Flow Health runs a network of diagnostic labs and provides COVID testing for clients in the entertainment industry. It’s headquartered in Culver City, California, with offices around the country. It employs about a thousand people, none of whom are getting paid this week. “We just have no way,” says Alex Meshkin, Flow Health’s CEO. “It’s a big fucking mess.” He notified his employees this morning. They’re mad, and with good reason. Many are hourly workers living paycheck to paycheck. Some have threatened not to come to work or to quit. Others are just trying to figure out what the next week looks like. “You should see the messages in Slack,” Meshkin says.
It’s not that his company isn’t good for it — there’s plenty of money to double up on payroll for a period if that’s what it takes, says Meshkin. The problem is that Flow Health uses a payroll provider called Rippling, and Rippling — a San Francisco–based start-up with a multibillion-dollar valuation — is a client of Silicon Valley Bank, which, as of this morning, no longer exists.
Silicon Valley Bank is, or was, the 16th largest bank in the country, and is the first American bank of its size to fail since the global financial crisis. The backstory is complicated, but runs, crudely, like this: SVB took on a lot of new business over the last few years, as start-ups and tech companies flourished, making, or at least raising, a bunch of money, which it had to put somewhere. During this time, it purchased a lot of low-yield government-issued bonds. As interest rates rose, and as the tech industry cooled, SVB was forced to sell some of its bonds at a loss; its subsequent attempts to raise money, along with clumsy messaging around its not-yet-dire predicament, then helped contribute to a classic bank run, as founders and VCs lost their nerve and raced to pull out their deposits. With the bank unable to satisfy all the withdrawal requests, the government made its move.

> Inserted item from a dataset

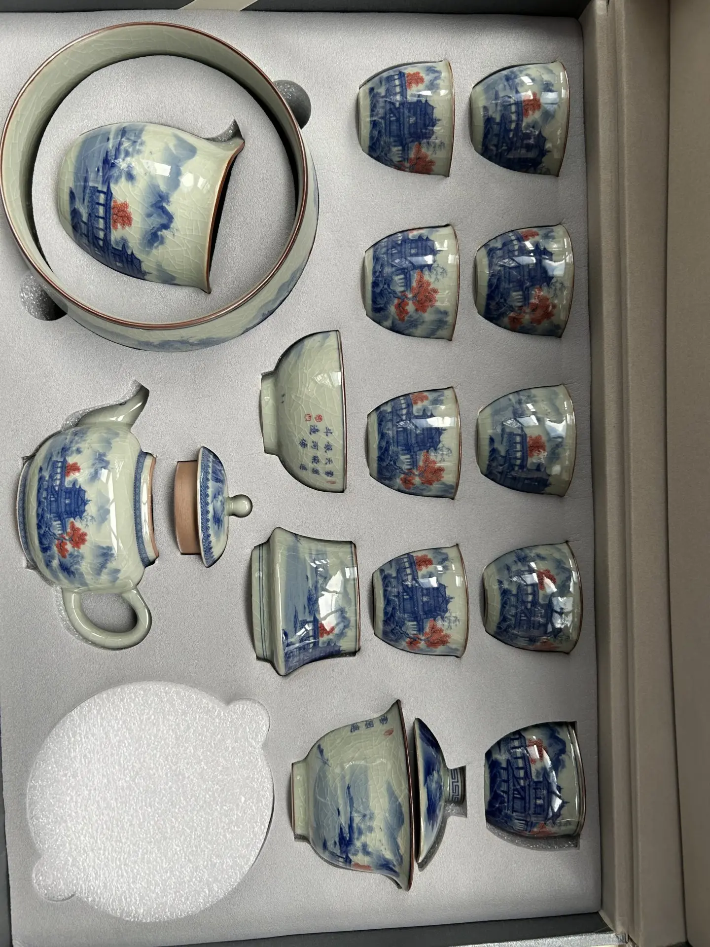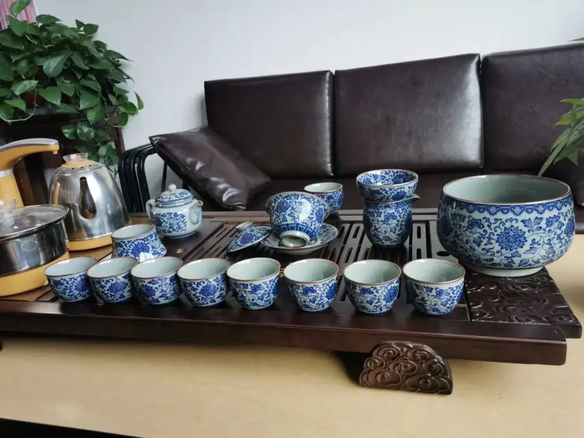 This pure handmade blue and white porcelain tea set is a masterpiece from Jingdezhen, China. The delicate porcelain is made with fine clay and is fired at high temperatures to give it a glossy finish. The blue and white patterns are hand-painted with great attention to detail, creating a classic and timeless look. Chinese blue and white porcelain is made with underglaze decoration, which makes it durable and fade-resistant.

According to the FDIC, insured depositors will have access to their funds on Monday, through a newly formed entity called the Deposit Insurance National Bank of Santa Clara. Uninsured depositors — who, due to SVB’s corporate and wealthy clientele, account for a large majority of its liabilities — will be provided with an “advance dividend” of unspecified size “within the next week.” At that point, the FDIC will start selling off SVB’s assets with the aim of making its former clients whole. How that will go, or how long it will take, is anyone’s guess.
None of this information is especially helpful to employees of Flow Health in Atlanta or Bayonne or Toronto, who had no way of knowing that the timely arrival of their next paycheck depended on the collective level of anxiety among Silicon Valley’s CFOs. (New York’s parent company, Vox Media, was also an SVB customer.)
Nor is it useful to Flynn Zaiger, who runs a digital agency called Online Optimism, headquartered in New Orleans. “I woke up to Slacks from employees asking why they weren’t paid,” says Zaiger, who is on the road this week. He’s got 17 employees; the plan, for now, is to just use Zelle.
In Silicon Valley and on Wall Street, the word of the day is contagion. There are worries that SVB won’t be the last bank of its type to fall. The stock market took a sharp dive on Friday, with especially deep discounts on tech-adjacent banks including First Republic, PacWest, and Signature Bank. (Crypto bank Silvergate, which had deep connections with FTX, wound down operations this week.) SVB, which had around $209 billion in assets and $175.4 billion in deposits as of December, according to the FDIC, wasn’t just a major bank, it was deeply intertwined with the tech industry in ways that will be hard, especially in receivership, to unravel. Start-ups and VCs are trying to secure short-term loans to make their own payrolls, according to The Information. The start-up slump helped bring down SVB, and there are fears that its collapse could make the situation much worse.
The situation at Rippling — which says it has switched banks and can begin issuing fresh payments as soon as Monday — offers a preview of how a crisis in Silicon Valley could escape containment in less predictable ways. Tech companies, like banks, are deeply integrated into the rest of the economy, in ways that aren’t always obvious or visible — that is until they break.